Orígenes y ubicación
La basílica fue construida donde fue martirizado el apóstol Pedro, en el circo de Nerón, donde cerca había un pequeño cementerio (necrópolis), allí se construyó una primera pequeña iglesia; luego, con la libertad religiosa gracias el emperador Constantino, se construyó la que justamente es llamada la basílica constantiniana. El emperador romano Constantino I levantó la primera iglesia de San Pedro en el siglo IV, con el objetivo de impulsar la nueva religión y de consolidar su poder. Cuando Constantino I decidió construir un templo dedicado a San Pedro, eligió el lugar exacto donde San Pedro fue crucificado y enterrado.
Se desconoce el año exacto en que san Pedro llegó a Roma, aunque con certeza fue posterior al 50 d.C. Tampoco tenemos datos precisos sobre cuándo ocurrió su martirio; solo que fue crucificado en un circo imperial cercano al Vaticano durante las persecuciones de Nerón, entre los años 64 y 67. La tumba del apóstol se encuentra debajo de la iglesia, y hay un altar construido justo encima de ella.
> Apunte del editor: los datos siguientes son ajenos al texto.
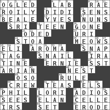 ACROSS 1. Stared at amorously 6. Experiment locale 9. Actress Charlotte 12. Agitated, as a liquid 13. "You Light Up My Life" star Conn 14. Elected reps. 15. Memphis, Tenn. Street 16. Jacques Cousteau's middle name 17. Religious women 18. _ Lanka 19. Adolescent 20. Went 21. Wrote a lyric poem 23. RI univ. 24. Portico 25. Catcalls? 28. Connecticut Ivy Leaguer 30. Odor 34. Fastener 35. Label 36. Slow-paced one 38. Lyricist Gershwin 39. Prong on a fork 41. Bert's buddy 43. Fast jet (abbr.) 44. Believer in; advocate of (suffix) 46. A home for chicks 48. Bear (Spanish) 49. General guideline 50. Ship's personnel 51. Beverages made from leaves 53. Raised railways 56. Silvers or Donahue 57. Australian parrot (variant) 58. Goodbye (Sp.) 60. Perceives with the eye 61. Enthusiasm 62. Cell (Danish) 63. Big collection agency 64. Arrange properly for use 65. Eat (away) DOWN 1. Globe 2. Travels 3. One who doesn't tell the truth 4. American author Paul (1891-1958) 5. Color 6. Not recorded 7. Arabian gulf 8. Altar cloth linen 9. One who advocates reunion 10. Queen of England 1702-14 11. Double-curved letter 13. Colored 14. Sounds asleep 19. Lacerates 20. Chewing product 22. ___ good deed 24. Seigniories (variant) 26. Armed conflicts 27. Argument over a trivial matter 28. Singer James 29. Den 31. Single 32. Spoil 33. The 18th letter of the Arabic alphabet 37. "_ and Lucy" (Charlie Brown theme song) 40. Artist's stands 42. Snakelike fish 45. At this time 47. Sowing specialist 49. Precipitation 50. "Mermaids" star 51. Lacquered or enameled metalware 52. Part of Q.E.F. 54. _ and Stitch 55. Exchanged or delivered for money 56. Air pressure measure (abbr.) 57. French article 58. Adept person 59. Perceive with the eye
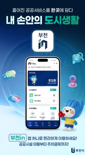 ‘부천in’은 지난 7월 1일부터 운영 중인 부천시민증 기반 스마트도시 통합 플랫폼으로, 공영주차장 자동 할인·무정차 정산, 공공시설 예약, 주민자치 프로그램 신청, 시정 정보 확인 등 다양한 생활서비스를 제공한다.

La basílica constantiniana y la reconstrucción renacentista
La Basílica de San Pedro que conocemos hoy no fue la primera en ocupar este lugar. En el siglo IV, se levantó allí una iglesia encargada por el emperador Constantino, que se mantuvo en pie durante más de mil años. Permaneció más de 1000 años en pie, hasta que en 1377, cuando los papas regresaron de Aviñón, la antigua basílica estaba en un estado ruinoso y decidieron derribarla para levantar la que hoy conocemos, donde se trasladó la sede papal al Vaticano.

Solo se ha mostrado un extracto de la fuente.